But I will now stop, and let the slaveholders speak for themselves. I shall here present some evidences of the treatment which slaves receive from their masters; after which I will present a few of the slave-laws. And it has been said, and I believe truly, that no people were ever found to be better than their laws. And, as an American slave,—as one who is identified with the slaves of the south by the scars which I carry on my back,—as one identified with them by the tenderest ties of nature,—as one whose highest aspirations are to serve the cause of truth and freedom,—I beg of the reader not to lay this book down until he or she has read every page it contains.
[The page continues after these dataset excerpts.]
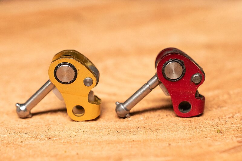 I swapped the new B1 cams into a set of original Mavens and immediately noticed that increased deadband, along with a much lighter lever feel. It’s not the end of the world at all, but it’s there. Similarly, putting the old A1 cams in the new Mavens makes them engage faster, but also requires more force to pull the lever.
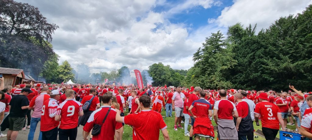 Efter en god omgang morgenmad ved en bager inde i byen, gik vi mod den danske fanzone og her blev vi mødt af endnu flere danske fans. Det frembragte et meget bredt smil på læberne, med tankerne om at det her bliver en af de helt gode dage.
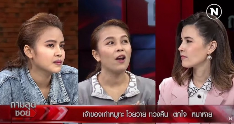 พิธีกร ธัญญ่า ธัญญาเรศ พูดคุยกับคุณขวัญ กับ คุณก้อย เกี่ยวกับประเด็นดราม่าที่เกิดขึ้น โดยทั้งคู่บอกว่า ตอนนั้นอยู่ต่างจังหวัด เมื่อกลับมาถึงก็ไม่เจอหมาแล้ว ความรู้สึกแรกรู้สึกตกใจ รีบไปสอบถามร้านหมูกระทะว่าหมาหายไปไหน ยอมรับว่าตอนนั้นโกรธ ทำไมร้านบอกว่าหมาตัวนี้เป็นหมาจร ก็พูดจาไม่ดีกับที่ร้านไป แต่เมื่อร้านบอกไม่รู้เรื่องก็ขอโทษไป ณ ตอนนั้น
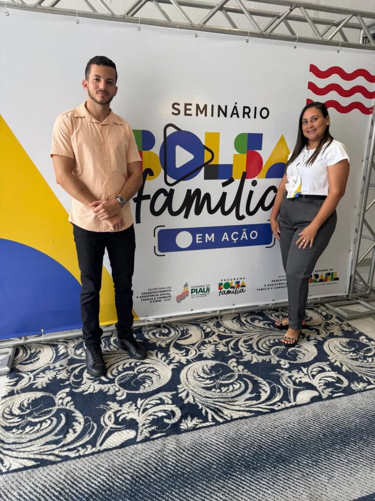 O Coordenador do Bolsa Família, Noé Rodrigues, e a Assistente Social do CRAS – Sede, Patrícia Leia, estão participando do Seminário Bolsa Família em Ação, realizado nos dias 26 e 27 de fevereiro, na cidade de Teresina.
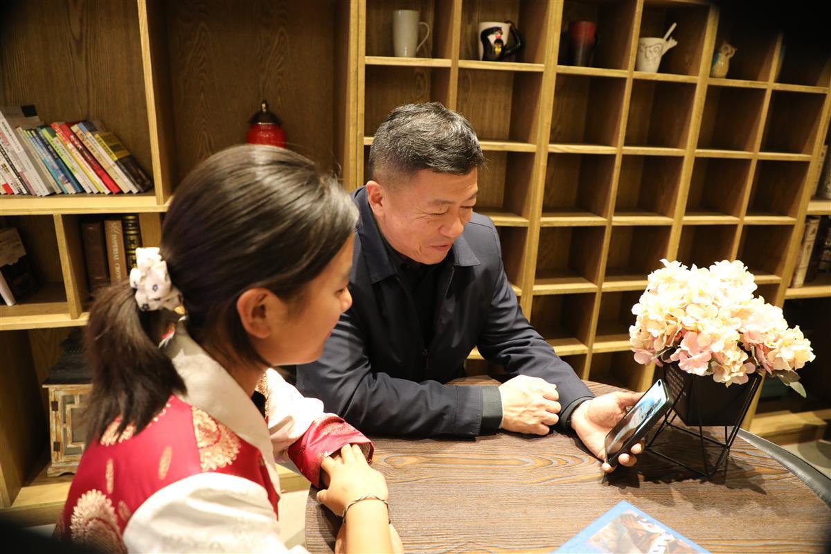 得知米玛曲珍(左)是自己援藏时教的巴珍的妹妹,杨丰铭激动地让她拨通已考上济南大学姐姐的视频电话
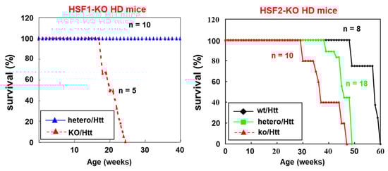 Deficiency of HSF1 and HSF2 causes the shortening of life span in Huntington’s disease (HD) mice. HSF1-KO HD mice died within 24 weeks but HSF1-hetero HD mice survive more than 40 weeks (left). HSF2-KO HD and HSF2-hetero HD mice died within 46 and 48 weeks (right), respectively. But HSF2-WT HD mice survived until 60 weeks.

I ask it not for my own sake, but for the sake of three millions who cannot speak for themselves.
From the Livingston County (Alabama) Whig of Nov. 16, 1845.
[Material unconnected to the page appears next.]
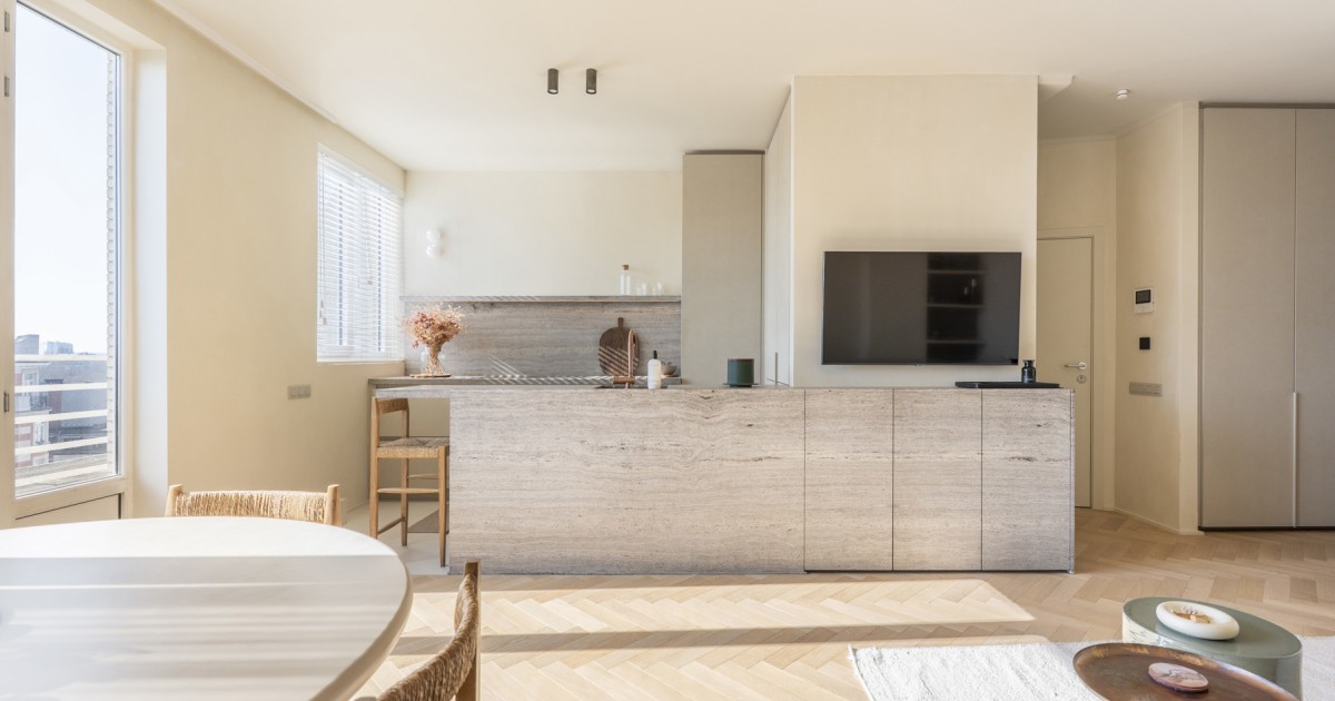 De op maat gemaakte keuken vormt het kloppend hart van het appartement en werd afgewerkt met hoogwaardige materialen zoals een travertin werkblad en een Novy Panorama kookplaat. Aansluitend bevindt zich de lichtrijke leefruimte op visgraatparket, die naadloos overgaat in het zuidgerichte terras met open en weids uitzicht.
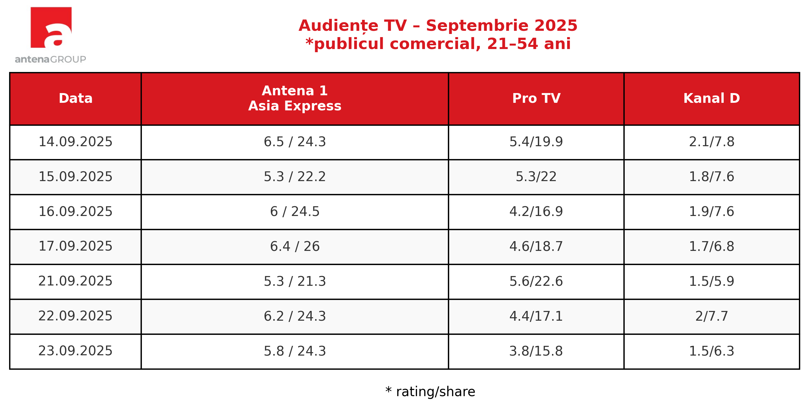 După ce a dominat audienţele verii cu Insula Iubirii, Antena 1 rămâne lider în Prime Time și în această toamnă cu show-ul preferat al românilor: Asia Express – Drumul Eroilor.

"Negro Dogs.—The undersigned having bought the entire pack of Negro Dogs, (of the Hays & Allen stock,) he now proposes to catch runaway Negroes. His charge will be three dollars per day for hunting, and fifteen dollars for catching a runaway. He resides three and a half miles north of Livingston, near the lower Jones' Bluff road.
"William Gambrel.
"Nov. 6, 1845."
The Wilmington [North Carolina] Advertiser of July 13, 1838, contains the following advertisement:
"Ranaway, my Negro man Richard. A reward of $25 will be paid for his apprehension, DEAD or ALIVE. Satisfactory proof will only be required of his being killed. He has with him, in all probability, his wife Eliza, who ran away from Col. Thompson, now a resident of Alabama, about the time he commenced his journey to that state.
"D. H. Rhodes.
The St. Louis Gazette says—
"A wealthy man here had a boy named Reuben, almost white, whom he caused to be branded in the face with the words 'A slave for life.'"
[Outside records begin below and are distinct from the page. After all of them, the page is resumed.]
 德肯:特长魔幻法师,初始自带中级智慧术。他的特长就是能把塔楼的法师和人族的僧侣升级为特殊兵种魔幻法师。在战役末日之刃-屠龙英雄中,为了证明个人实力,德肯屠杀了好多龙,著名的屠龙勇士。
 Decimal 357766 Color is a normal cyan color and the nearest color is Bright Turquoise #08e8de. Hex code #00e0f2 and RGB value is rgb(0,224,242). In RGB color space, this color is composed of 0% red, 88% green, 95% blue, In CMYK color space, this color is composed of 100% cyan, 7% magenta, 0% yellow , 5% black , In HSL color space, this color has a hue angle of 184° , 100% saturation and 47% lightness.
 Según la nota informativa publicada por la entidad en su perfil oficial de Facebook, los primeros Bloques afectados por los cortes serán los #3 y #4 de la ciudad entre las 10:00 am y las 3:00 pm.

From the N. C. Standard, July 28, 1838.
"Twenty Dollars Reward.—Ranaway from the subscriber, a negro woman and two children; the woman is tall and black, and a few days before she went off I burnt her on the left side of her face: I tried to make the letter M, and she kept a cloth over her head and face, and a fly bonnet over her head, so as to cover the burn; her children are both boys, the oldest is in his seventh year; he is a mulatto and has blue eyes; the youngest is a black, and is in his fifth year.
"Micajah Ricks, Nash County."
"One of my neighbors sold to a speculator a negro boy, about 14 years old. It was more than his poor mother could bear. Her reason fled, and she became a perfect maniac, and had to be kept in close confinement. She would occasionally get out and run off to the neighbors. On one of these occasions she came to my house. With tears rolling down her cheeks, and her frame shaking with agony, she would cry out, 'Don't you hear him—they are whipping him now, and he is calling for me!' This neighbor of mine, who tore the boy away from his poor mother, and thus broke her heart, was a member of the Presbyterian church."—Rev. Francis Hawley, Baptist minister, Colebrook, Ct.